What needs to be done: Your copy should hold the lines below from the first through the one that contains "パッチワーク カラフル チェック", each retyped exactly, and no pictures.

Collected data
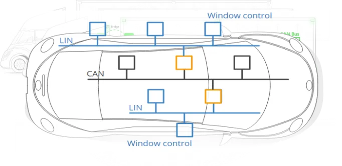 - LIN:常用于车身舒适性功能中的低速、低成本节点通信;
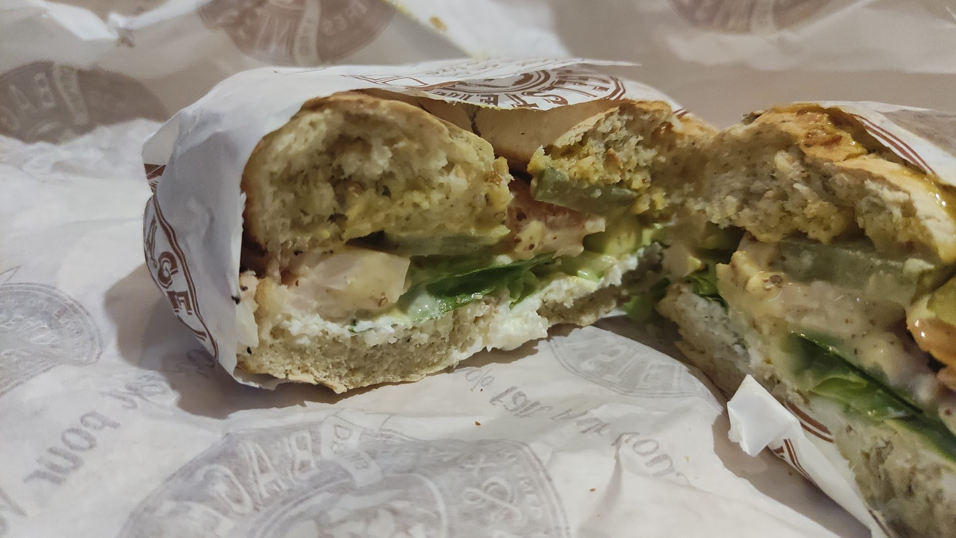 Très déçu. Pain pas du jour, qui s'émiette totalement (décongelé ?) De plus, il me semble que le pain du bagel doit être chauffé... La pas du tout... Résultat pâteux en bouche assuré. Je ne recommande pas
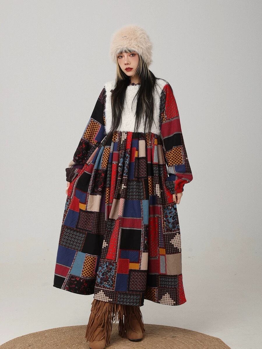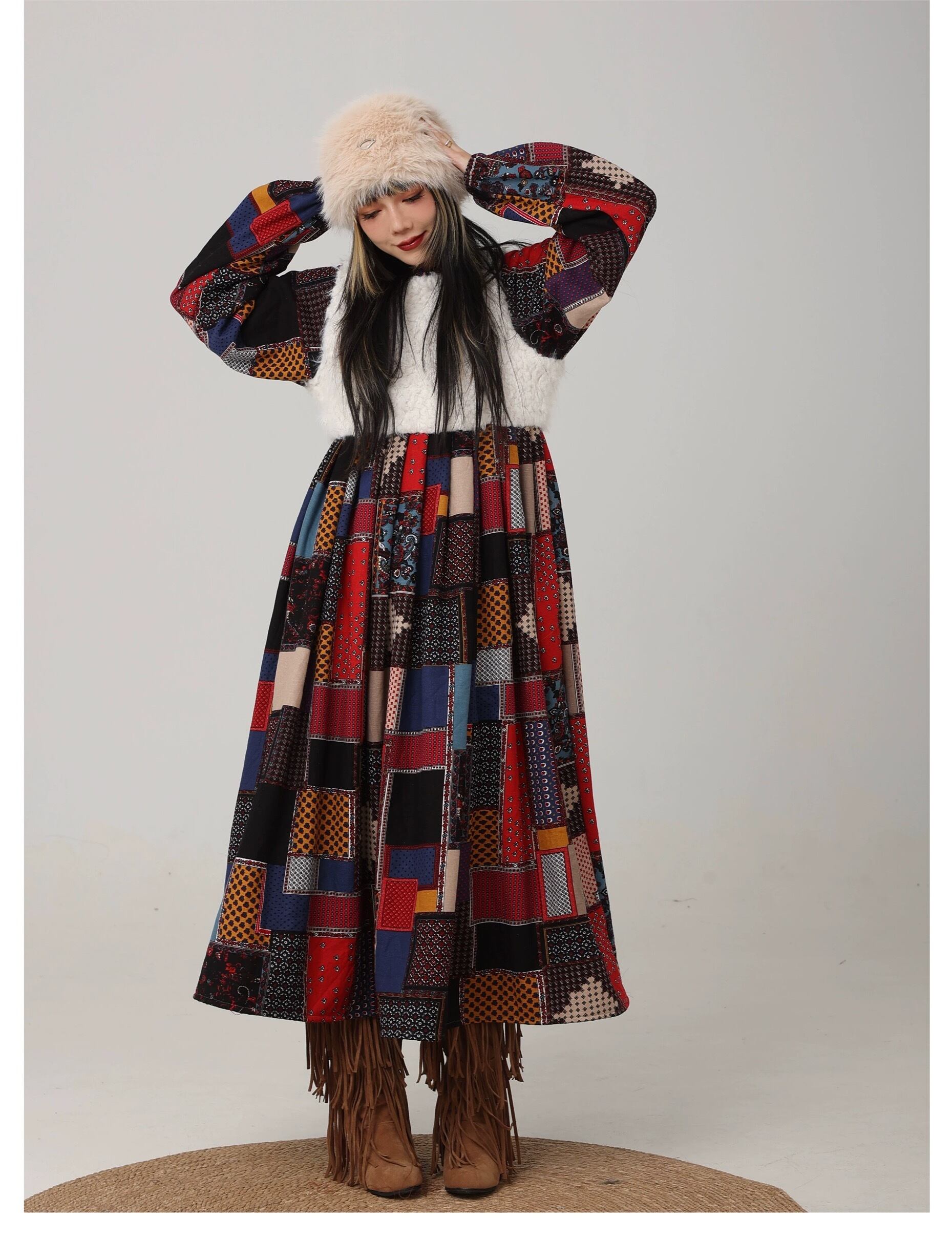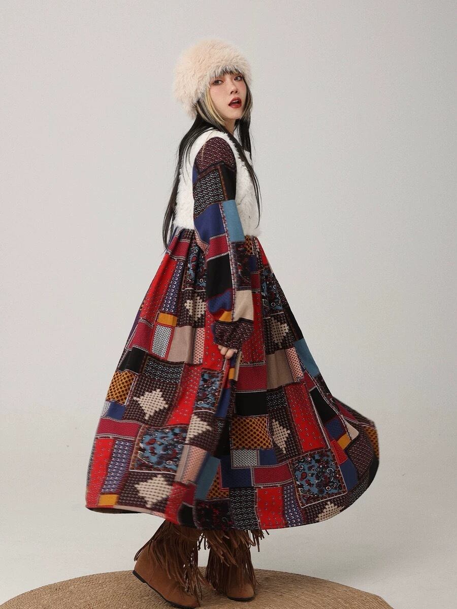 パッチワーク カラフル チェック ワンピース ゆったり XL ファー ベスト マキシ スカート ブラウス 原宿 古着
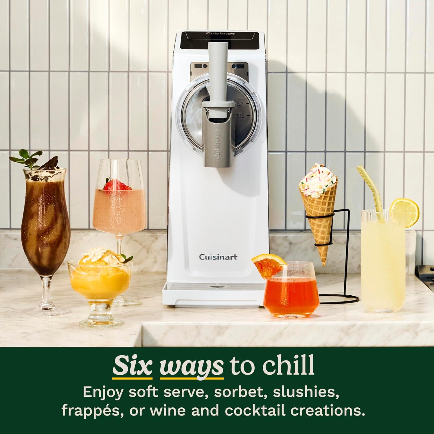 The Cuisinart 6-in-1 Slushy & Soft-Serve Maker ice cream machine lets you make frozen treats at the touch of a button, no pre-freezing required. This innovative Slushy & Soft-Serve Maker features six preset programs to craft soft-serve ice cream, sorbet, slushies, cocktails, frappes, frozen wine, and more. The intuitive design utilizes simple controls, presets and a smart dispense control to automatically control the speed and direction for smooth dispensing. To help maintain the perfect temperature, the Cuisinart Slushy & Soft-Serve Maker features quick freeze chill technology which uses a powerful compressor to keep your treats at the perfect temperature and consistency. Able to produce 1.7-quarts of frozen treats in as little as 15 minutes, the Slushy & Soft-Serve Maker is powered by an ultra-quiet motor and is ideal for parties and family gatherings. The Cuisinart 6-in-1 Slushy & Soft-Serve Maker ICE-200 comes with a limited 3-year warranty.
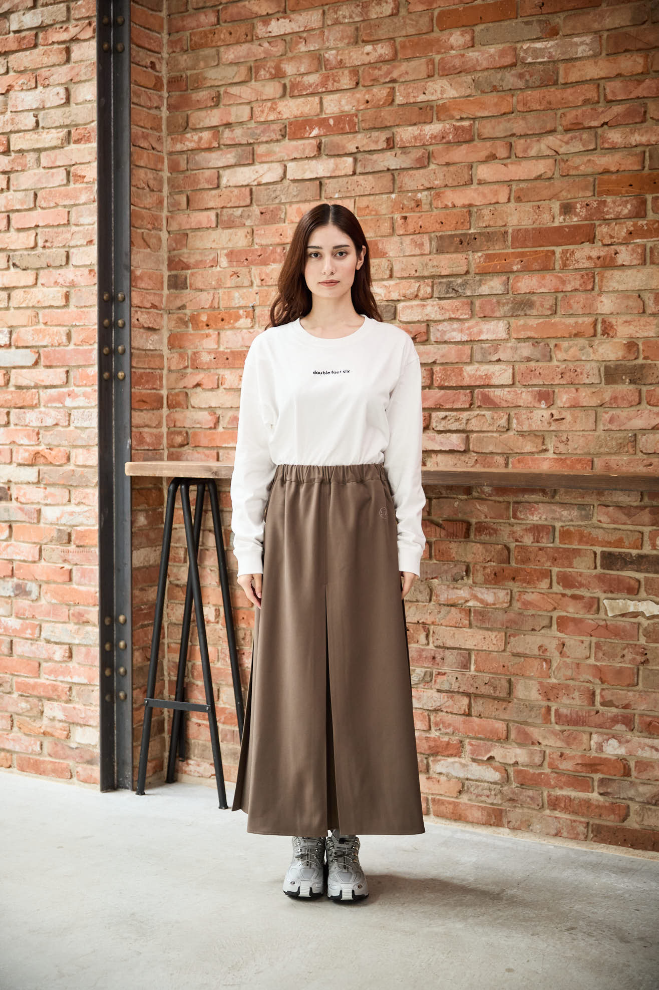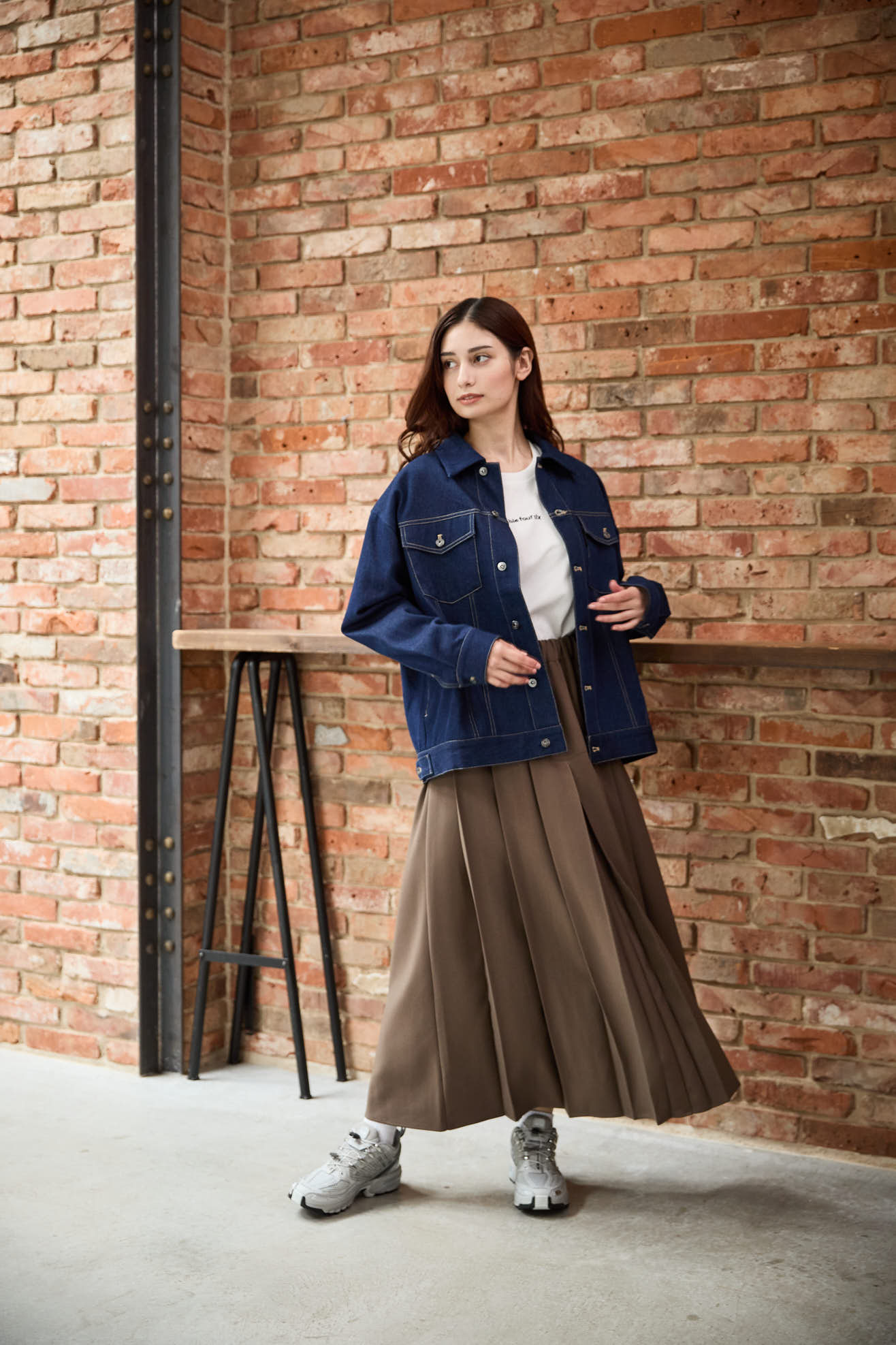 前後で異なるディティールのスカート。印象的なタック&プリーツデザインと垢抜け感のあるミディ丈は、スニーカーからパンプスまで幅広いシューズと好相性。大人カジュアルに着映えるデザインです。
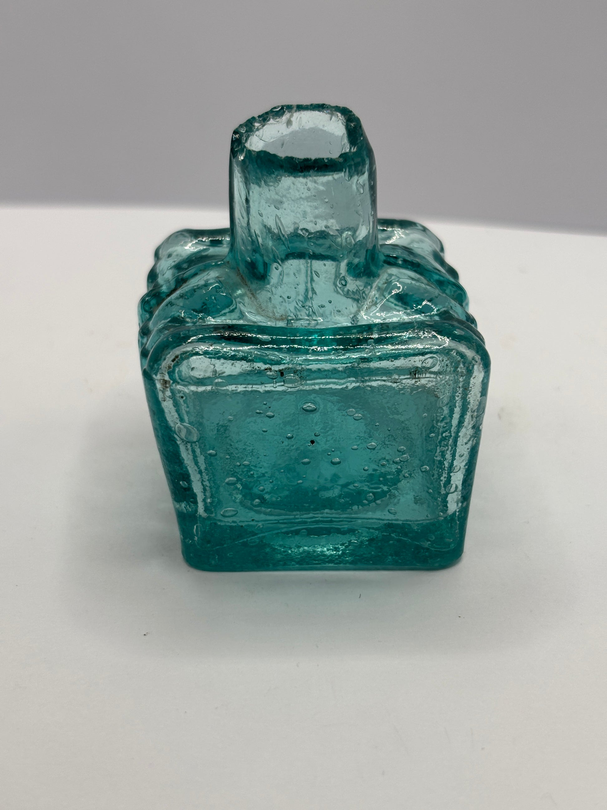 Old Lyons ink, aqua glass ribbed penny ink, inkwell
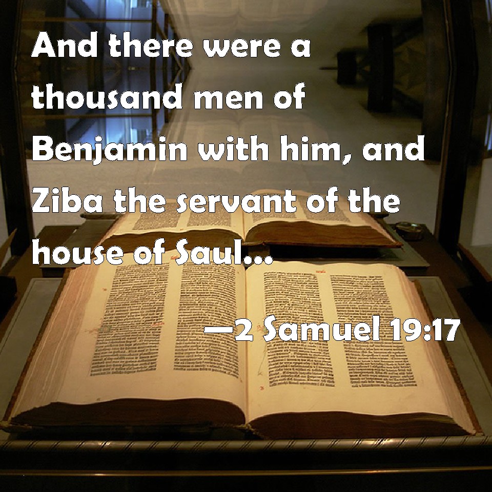 Choose a Background 2 Samuel 19:17 And there were a thousand men of Benjamin with him, and Ziba the servant of the house of Saul, and his fifteen sons and his twenty servants with him; and they went over Jordan before the king. KJV: And there were a thousand men of Benjamin with him, and Ziba the servant of the house of Saul, and his fifteen sons and his twenty servants with him; and they went over Jordan before the king. DRB: With a thousand men of Benjamin, and Siba the servant of the house of Saul: and his fifteen sons, and twenty servants were with him: and going over the Jordan, DBT: And there were a thousand men of Benjamin with him, and Ziba the servant of the house of Saul, and his fifteen sons and his twenty servants with him; and they forded the Jordan before the king. ERV: And there were a thousand men of Benjamin with him, and Ziba the servant of the house of Saul, and his fifteen sons and his twenty servants with him; and they went through Jordan in the presence of the king. WBT: And there were a thousand men of Benjamin with him, and Ziba the servant of the house of Saul, and his fifteen sons and his twenty servants with him; and they went over Jordan before the king. WEB: There were a thousand men of Benjamin with him, and Ziba the servant of the house of Saul, and his fifteen sons and his twenty servants with him; and they went through the Jordan in the presence of the king. YLT: and a thousand men are with him from Benjamin, and Ziba servant of the house of Saul, and his fifteen sons and his twenty servants with him, and they have gone prosperously over the Jordan before the king.Links 2 Samuel 19:17 NIV • 2 Samuel 19:17 NLT • 2 Samuel 19:17 ESV • 2 Samuel 19:17 NASB • 2 Samuel 19:17 KJV • 2 Samuel 19:17 Interlinear • 2 Samuel 19:17 Commentaries • 2 Samuel 19:17 Parallel Texts • 2 Samuel 19:17 Bible Apps • 2 Samuel 19:17 Parallel • Bible Hub |

Exercise solution:
 - LIN:常用于车身舒适性功能中的低速、低成本节点通信;
 Très déçu. Pain pas du jour, qui s'émiette totalement (décongelé ?) De plus, il me semble que le pain du bagel doit être chauffé... La pas du tout... Résultat pâteux en bouche assuré. Je ne recommande pas
 パッチワーク カラフル チェック ワンピース ゆったり XL ファー ベスト マキシ スカート ブラウス 原宿 古着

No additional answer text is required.